- The cover to the History of the DC Universe trade paperback. Art by Alex Ross.

Publication information
- Publisher: DC Comics
- Format: Limited series
- Publication date: 1986
- No. of issues: 2
- Main character: Harbinger

Creative team
- Created by: Marv Wolfman George Pérez
- Written by: Marv Wolfman
- Penciller: George Pérez
- Inker: Karl Kesel
- Colorist: Tom Ziuko
- Editor: Mike Gold

Collected editions
- History of the DC Universe: ISBN 1-56389-798-9

= History of the DC Universe =

Comic book issue by DC Comics

History of the DC Universe is a two-issue American comic book limited series created by writer Marv Wolfman and artist George Pérez which was published by DC Comics following the end of Crisis on Infinite Earths.

==Publication history==
History of the DC Universe was an attempt to summarize the new history of the DC Universe to establish what was canonical after Crisis on Infinite Earths reformed the multiverse into a single universe. In the original planning of Crisis on Infinite Earths, the History would have formed the final two issues, following the destruction of the Multiverse at the beginning of time, but this was changed. History of the DC Universe had been one of the working titles for Crisis on Infinite Earths.

The loose plotline of the series involves the character Harbinger chronicling the past, present, and future of the post-Crisis DC Universe. The history is mostly told through one- and two-page splash pages, accompanied by brief prose. At the end of the series, Harbinger places the history in a capsule and launches it into space. In the subsequent series Millennium, this history is intercepted by the Manhunters and used against Earth's superheroes.

==Portfolio==
The Next Men characters made a prototypical appearance as "Freaks" in a lithography plate that was published within the History of the DC Universe Portfolio in 1986. Writer/artist John Byrne had originally pitched the series to DC Comics but it never surfaced there. With some changes, Byrne changed the concept to fit in with his work on the graphic novel 2112, to become the John Byrne's Next Men series. Two characters from the "Freaks" artwork somewhat retained their physical looks and became the lead characters of the Next Men series: heroine Jasmine and villain Aldus Hilltop.
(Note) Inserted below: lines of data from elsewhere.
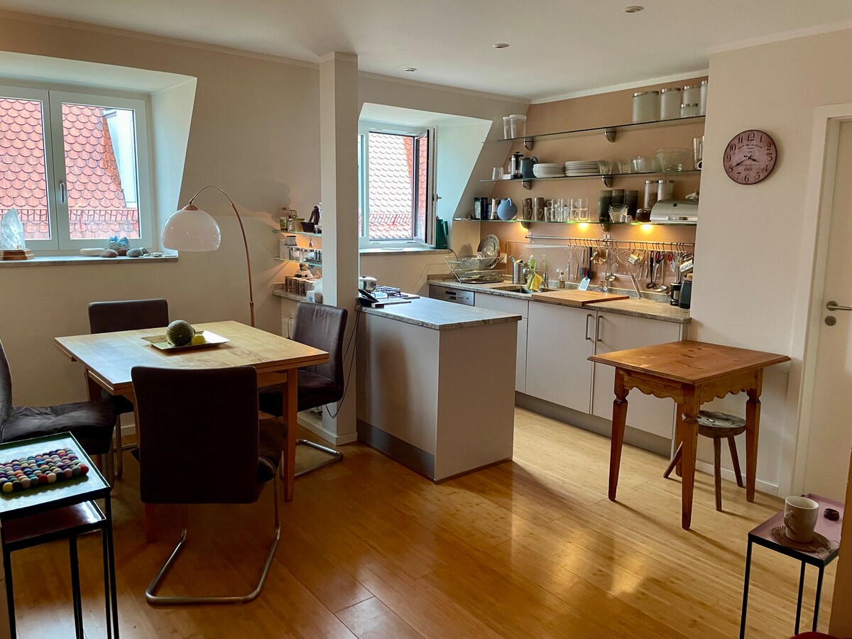 Es un apartamento ático de 80 m² en 2 niveles (1er piso: pasillo, armario, armario empotrado, cuarto de ducha/WC, 2do piso: loft con cocina completa, bar, mesa de comedor, sofá (o sofá cama), escritorio, chimenea, cama doble, baño (WC/bañera/lavadora) y cama plegable si es necesario. Monoblock Klimabox. Zona residencial tranquila del vecindario justo al borde del bosque. El estacionamiento siempre es fácil en todas partes. S-Bahn a 7 minutos a pie o 1 minuto en autobús. A 15 minutos en auto de Marienplatz.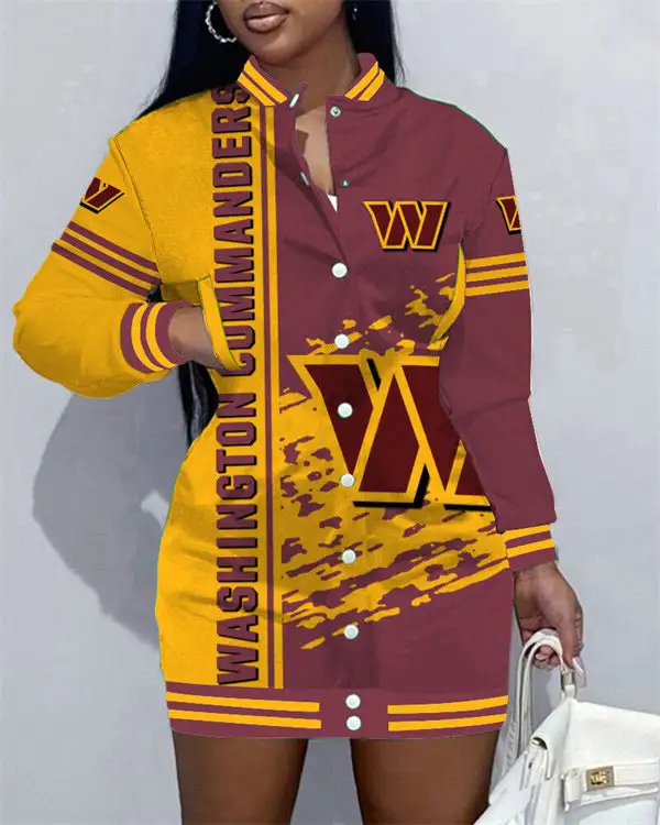 Washington Commanders Women Button Down Jacket Dress AZBTBDJD000060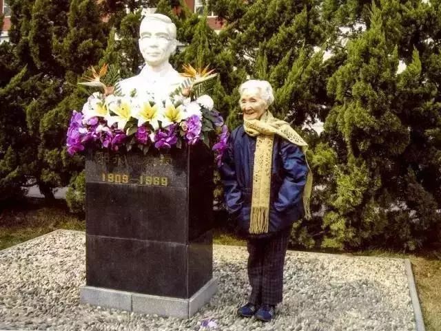 李佩生前在郭永怀雕塑前的合影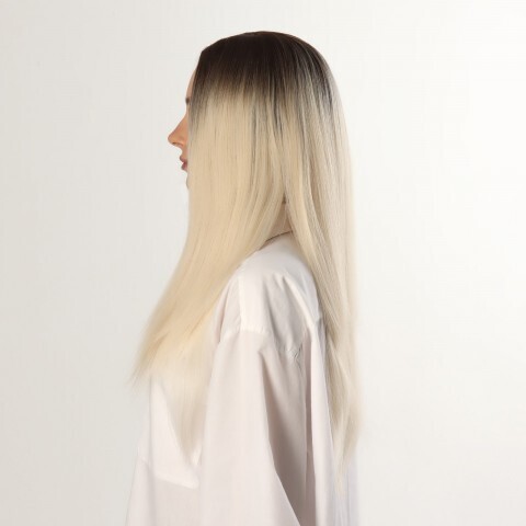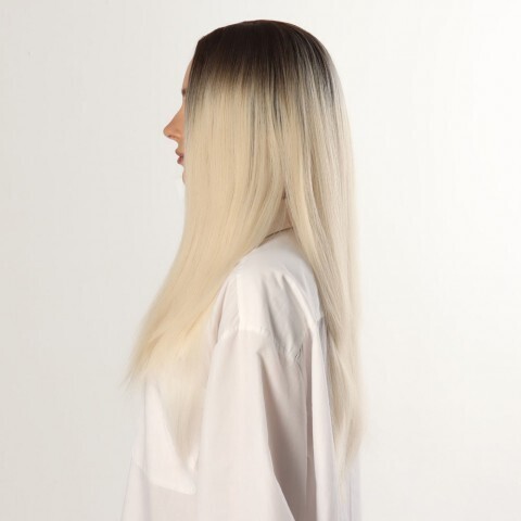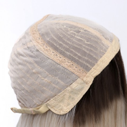 Аккуратно наденьте парик, двигаясь от лба к затылку, регулируйте размер с помощью креплений и выравнивайте пробор и чёлку.

The other plates in the portfolio included art by Stephen R. Bissette, Brian Bolland, José Luis García-López, Keith Giffen, Dick Giordano, Joe Kubert, Steve Lightle, Jerry Ordway, George Pérez, Curt Swan, and John Totleben. The cover was painted by Bill Sienkiewicz.

==Collected edition==
The series was reprinted in hardcover by Graphitti Designs in 1988 with a painted cover by Bill Sienkiewicz. It featured additional material not included in the original series including an introduction by Wolfman and the following:
- essay and Superman illustration by Neal Adams
- essay by Julius Schwartz
- essay by Jerry Siegel with Superman illustration by Joe Shuster
- essay by Bob Kane with Batman illustration by Dick Sprang
- essay and Sgt. Rock illustration by Joe Kubert
- essay by Roy Thomas with Marvel Family illustration by Kurt Schaffenberger
- essay by Paul Levitz with Legion of Super-Heroes illustration by Steve Lightle
- essay by Len Wein with Swamp Thing illustration by Stephen R. Bissette and John Totleben
- essay by Jack Kirby with New Gods illustration by Kirby and Steve Rude
- essay and Aquaman illustration by Ramona Fradon
- essay by George Pérez with Wonder Woman illustration by Trina Robbins and Pérez
- an afterword by Frank Miller
- a gatefold poster featuring 53 characters drawn by Arthur Adams, Neal Adams, Murphy Anderson, Jim Aparo, Stephen R. Bissette, Bret Blevins, Brian Bolland, Pat Broderick, Howard Chaykin, Gene Colan, Ernie Colón, Denys Cowan, Jan Duursema, Ramona Fradon, Dave Gibbons, Keith Giffen, Michael T. Gilbert, Dick Giordano, Mike Grell, Irwin Hasen, Gilbert Hernandez, Jamie Hernandez, Carmine Infantino, Michael Kaluta, Bob Kane, Gil Kane, Jack Kirby, Andy Kubert, Joe Kubert, Steve Lightle, Frank McLaughlin, Jim Mooney, Gray Morrow, Martin Nodell, Paul Norris, Joe Orlando, George Pérez, Mike Royer, Steve Rude, P. Craig Russell, Kurt Schaffenberger, Bill Sienkiewicz, Walt Simonson, Dan Spiegle, Jim Starlin, Joe Staton, Jim Steranko, Dave Stevens, Curt Swan, Frank Thorne, John Totleben, Matt Wagner, Al Williamson, and Mary Wilshire

The series was reprinted as a trade paperback in 2002. It had a new cover painting by Alex Ross but did not include the bonus material from the 1988 hardcover edition. In October 2015 the series was collected once again when it was included as an extra in the Crisis on Infinite Earths Deluxe Edition hardcover collection.

==History of the DCU==
After the events of Infinite Crisis, DC included a backup feature titled "History of the DCU" in 52, running in issues #2–11 and written by Dan Jurgens. In this version, Donna Troy, now in possession of Harbinger's orb, tells the story of the history of the DCU up to Infinite Crisis.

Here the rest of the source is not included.